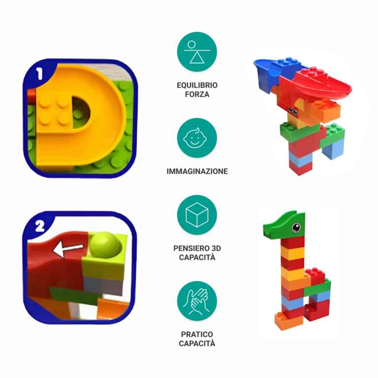 Комплектите блокове ще подобрят сръчността на ръцете, креативността, откривателските способности, координацията ръка-око, разграничаването на цветове и ще просветят тяхното въображение.
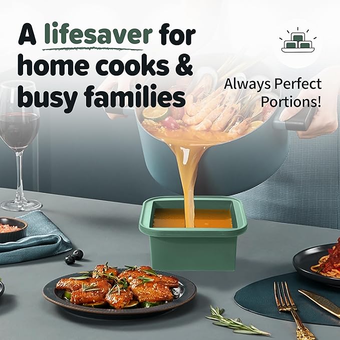 • VERSATILE & CONVENIENT FOR ANY KITCHEN TASK Use them for: Freezing homemade soups, sauces, and broths Storing baby food and portioning snacks Baking (up to 415°F without the lid) Making ice cubes, chocolates, and more! Dishwasher-safe for quick and easy cleaning, they save you time in the kitchen.
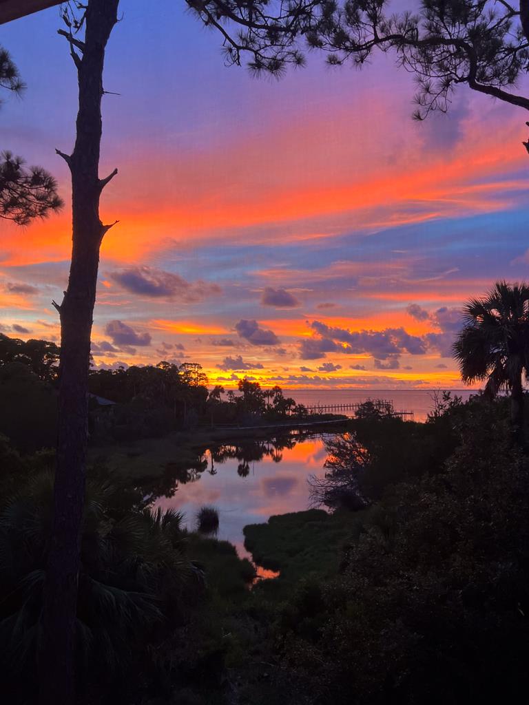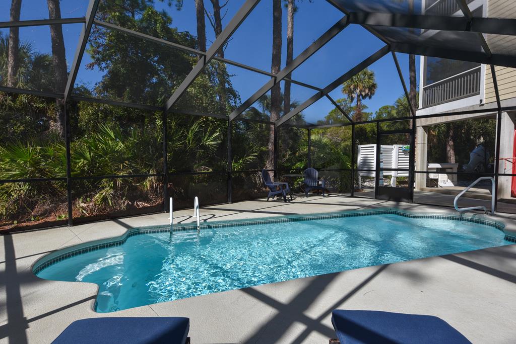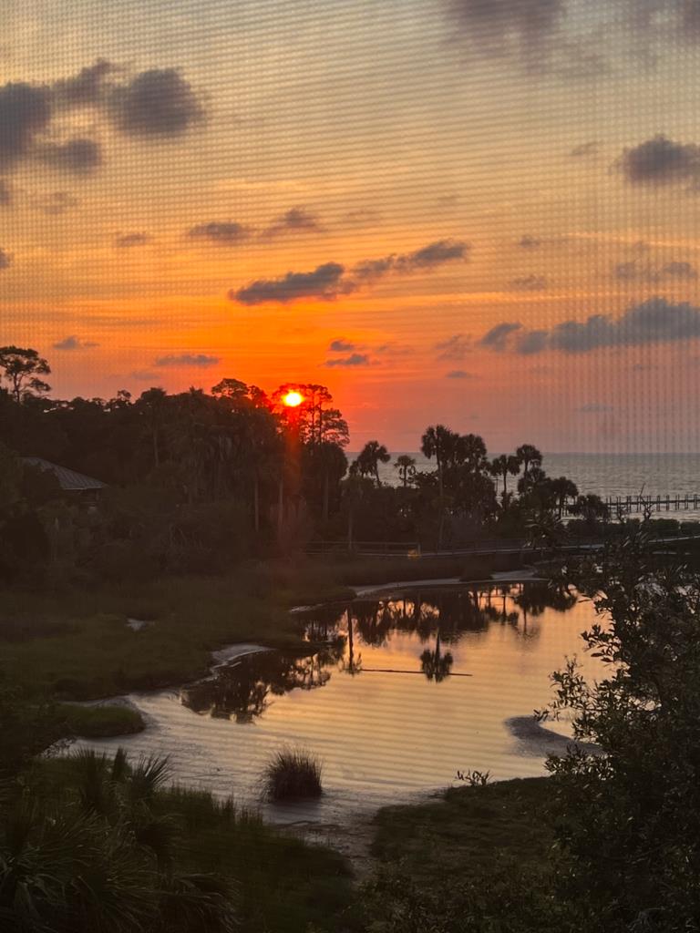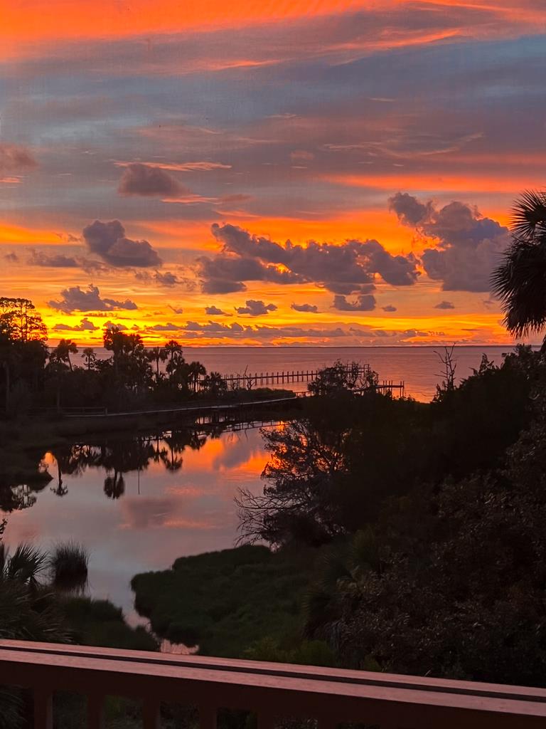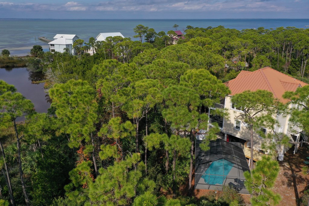 "Bourbon Bay" Well-maintained, St George Island Plantation home with Extraordinary Sunset Glow and Private Heated Pool. Bourbon Bay is poised to capture open views of Apalachicola Bay sunsets and pristine estuary habitat from multi-level screened decks and Bayside windows. 5BR/4.5BA; Three primary BRs have ensuite baths. The open floor plan with 2 living areas is ideal for entertaining. Spacious kitchen with generous cabinetry, granite countertops, black stainless appliances and ample space for shared meal preparation. Elevator access to all levels. Wet bar. 2 spacious ground level storage/exercise/workshop rooms. Bourbon Bay is solidly constructed with Hardi-plank siding, storm shutters and standing seam metal roof. Gated community with clubhouse, 2 community pools, 2 bike paths, fitness room, tennis and pickleball courts and Beach. 3300' paved airstrip. This private residence is offered furnished.
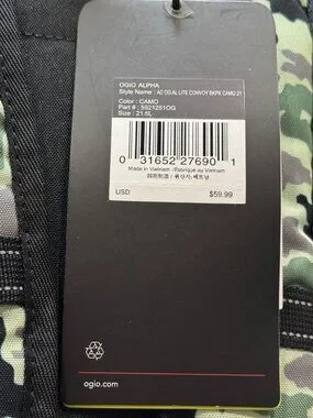 OGIO Alpha Lite Convoy Backpack 21.5 Liter Black Camo Daybag Gym MOD Webbing NWT
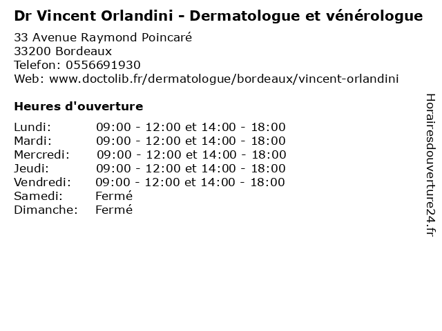 1 Dr Latifa Handiri-Gencel - Dermatologue - secrétariat (Distance: 0,09 km) 33 Avenue Raymond Poincaré, 33200 Bordeaux consultation, dermatologue, docteur, dr, gencel, handiri, latifa, med, médecin, médecine, secrétariat, traitement 2 Dr Lucile Boursault - Dermatologue - secrétariat (Distance: 0,09 km) 33 Avenue Raymond Poincaré, 33200 Bordeaux boursault, consultation, dermatologue, docteur, dr, lucile, med, médecin, médecine, secrétariat, traitement 3 Dr Isabelle Heliot-Hosten - Dermatologue - secrétariat (Distance: 0,09 km) 33 Avenue Raymond Poincaré, 33200 Bordeaux consultation, dermatologue, docteur, dr, heliot, hosten, isabelle, med, médecin, médecine, secrétariat, traitement 4 Dr Melissa Mignard-Guillaume - Dermatologue et vénérologue (Distance: 0,95 km) 45 Avenue Bel air, 33200 Bordeaux dermatologue, docteur, dr, et, generaliste, guillaume, medical, melissa, mignard, soin, vénérologue 5 Dr. Laurence Goyat-Labbe - Dermatologue et vénérologue (Distance: 1,20 km) 75 Avenue Saint Amand, 33200 Bordeaux consultation, dermatologie, dermatologue, docteur, dr., et, goyat, labbe, laurence, santé, vénérologie, vénérologue 6 Dr Valérie Wickers - Dermatologue et vénérologue (Distance: 1,20 km) 75 Avenue Saint-Amand, 33200 Bordeaux dermatologue, docteur, dr, et, medecin, navarre, sante, services, valerie, valérie, vénérologue, wickers |
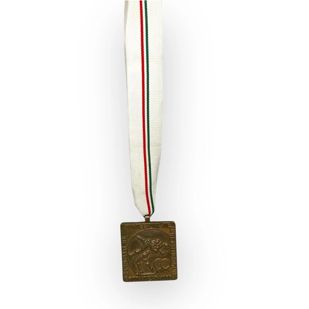 Gold Medal 🥇 at the FILA Junior World Championships in Greco-Roman wrestling. Event: Championnat du Monde Espoir de Lutte Gréco-Romaine (World Junior Greco-Roman Wrestling Championship) Fighter: Néstor Almanza Baró, won the world junior title in Budapest in Greco-Roman wrestling (lightweight category) Year: 1989 Location: Budapest, Hungary Organization: FILA (Fédération Internationale des Luttes Associées, now United World Wrestling) Shape: Rectangular with relief design Design (obverse) Central relief of two wrestlers in Greco-Roman combat French inscription: “CHAMPIONNAT DU MONDE ESPOIR DE LUTTE GRECO-ROMAINE – BUDAPEST 1989” FILA logo with Olympic rings Ribbon: White ribbon with red and green stripes (colors of Hungary) Condition: Vintage collectible medal, preserved with natural patina and minor signs of age Medalla de Oro 🥇 del Campeonato Mundial Juvenil (Junior World Championship) de la FILA en lucha grecorromana. Evento: Championnat du Monde Espoir de Lutte Gréco-Romaine (Campeonato Mundial Juvenil de Lucha Grecorromana) Luchador: Néstor Almanza Baró, ganó el título mundial juvenil de lucha grecorromana en Budapest (Hungría), en la categoría ligera (74 kg). Año: 1989 Lugar: Budapest, Hungría Organización: FILA (Fédération Internationale des Luttes Associées, hoy United World Wrestling) Forma: Rectangular con relieve Diseño (anverso) Relieve central de dos luchadores en combate grecorromano Inscripción en francés: “CHAMPIONNAT DU MONDE ESPOIR DE LUTTE GRECO-ROMAINE – BUDAPEST 1989” Logotipo de FILA con los anillos olímpicos Cinta: Cinta blanca con franjas rojas y verdes (colores de Hungría) Condición: Medalla vintage de colección, con pátina natural y leves marcas de antigüedad
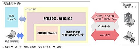流通BMS対応Web-EDIテンプレートは、Web-EDIシステムを容易に構築できるWeb-EDIシステム基盤ソフトウェア「ACMS WebFramer」のオプション製品となる。ACMS WebFramerは、取引のWebサイトにログインするためのID・パスワードやセキュリティなどを管理するユーザー管理機能や、業務管理者や業務担当者のアクセス状況を記録する業務ログ管理機能などを装備したWeb-EDIシステムを短期間で構築し、運用を容易にするためのシステム基盤。従来は、ACMS WebFramer上で取引業務アプリケーションを、導入ユーザーまたはSI企業が個別に開発する必要があったが、流通BMS対応Web-EDIテンプレートは、流通BMSのメッセージ標準に準拠した取引に必要なWebアプリケーションを標準で提供する。
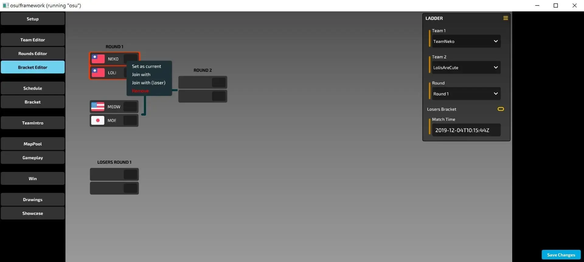 - Round: 該對戰是屬於哪個回合 (和剛剛在 Rounds Editor 中所設定的做對應)
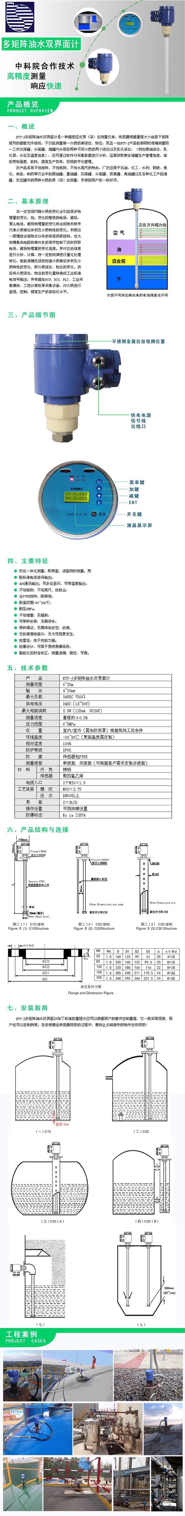 BTY-J多矩陣油水雙界面計(jì)是一種磁感應(yīng)式界(液)位測量儀表,傳感器根據(jù)量程大小由若干矩陣排列的磁敏元件組成,不僅能測量單一介質(zhì)的單液位、物位,而且一臺(tái)BTY-J產(chǎn)品能夠同時(shí)準(zhǔn)確測量同一工作沉降罐、分離罐、儲(chǔ)罐內(nèi)分層的兩種不同介質(zhì)的兩個(gè)液位以及乳化液位,(例如原油液位、乳化層、水位及溫度信息),還可通過軟件對采集數(shù)據(jù)進(jìn)行分析、運(yùn)算獲取更多儲(chǔ)罐生產(chǎn)管理信息,降低勞動(dòng)強(qiáng)度、能耗,提高生產(chǎn)效率,實(shí)現(xiàn)數(shù)字化管理。 該產(chǎn)品具有不怕掛料、不怕粘附、不怕水蒸汽的特點(diǎn),廣泛應(yīng)用于石油、化工、水利、鋼鐵、焦化、食品、制藥等行業(yè)中的原油罐、重油罐、沉降罐、分離罐、瀝青罐、焦油罐以及各種化工產(chǎn)品儲(chǔ)罐、反應(yīng)罐中的兩種介質(zhì)的界(液)位測量,并得到用戶的一致好評。

__________

Print, please, exactly the lines from the one holding "- Round: 該對戰是屬於哪個回合" through the final line of the data, both included, while leaving out each picture.

 - Round: 該對戰是屬於哪個回合 (和剛剛在 Rounds Editor 中所設定的做對應)
 BTY-J多矩陣油水雙界面計(jì)是一種磁感應(yīng)式界(液)位測量儀表,傳感器根據(jù)量程大小由若干矩陣排列的磁敏元件組成,不僅能測量單一介質(zhì)的單液位、物位,而且一臺(tái)BTY-J產(chǎn)品能夠同時(shí)準(zhǔn)確測量同一工作沉降罐、分離罐、儲(chǔ)罐內(nèi)分層的兩種不同介質(zhì)的兩個(gè)液位以及乳化液位,(例如原油液位、乳化層、水位及溫度信息),還可通過軟件對采集數(shù)據(jù)進(jìn)行分析、運(yùn)算獲取更多儲(chǔ)罐生產(chǎn)管理信息,降低勞動(dòng)強(qiáng)度、能耗,提高生產(chǎn)效率,實(shí)現(xiàn)數(shù)字化管理。 該產(chǎn)品具有不怕掛料、不怕粘附、不怕水蒸汽的特點(diǎn),廣泛應(yīng)用于石油、化工、水利、鋼鐵、焦化、食品、制藥等行業(yè)中的原油罐、重油罐、沉降罐、分離罐、瀝青罐、焦油罐以及各種化工產(chǎn)品儲(chǔ)罐、反應(yīng)罐中的兩種介質(zhì)的界(液)位測量,并得到用戶的一致好評。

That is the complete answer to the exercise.